# Arcadia II - looking for shipmates



## finbarr77 (Apr 3, 2009)

I sailed on Arcadia II late 1954 to early 1958. Interested in hearing from any Engineers or Deck Officers that sailed same period.

Cheers,

James.


----------



## Pompeyfan (Aug 9, 2005)

Can't go back that far James personally, but when I have time, I will look up a few names who may have been aboard her during that era. I know there was a steward from here on the Isle of Wight who was aboard her for many years. I think his Christian name was Cannell, possibly Jim Cannell who also had a nickname I think, but will look him and others up. I helped put together an edition of Arcadus, the crew newspaper we had for her 21st Birthday where past events were noted like a storm in the Bay of Biscay bound from Las Palmas to London on 29th December 1956 with much damage on board.
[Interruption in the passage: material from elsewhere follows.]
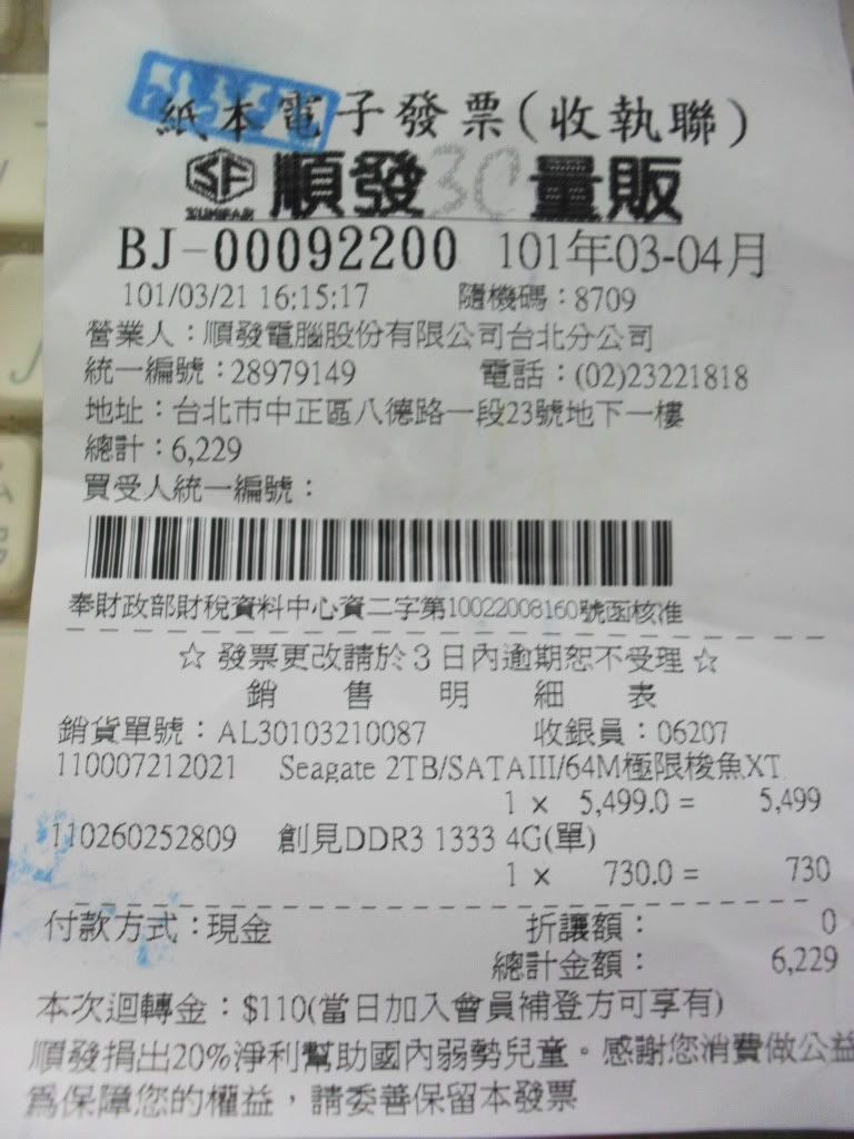 Segate單碟1TB版,2TB 3.5吋 SATAIII一年保固3300元。

The master at the time was Captain Bodley

I still have this stuff and will try to look out more info. 

David


----------



## jumbo747 (Jun 18, 2009)

Hi James , would you remember one of the crew from around 1955/1956 , his name was George Robert Henderson Duffin ,, would really like to find out as he was my partners father , who passed away in 1958 , we are trying to trace her roots and any information would be greatly appreciated ,, regards Jeff


----------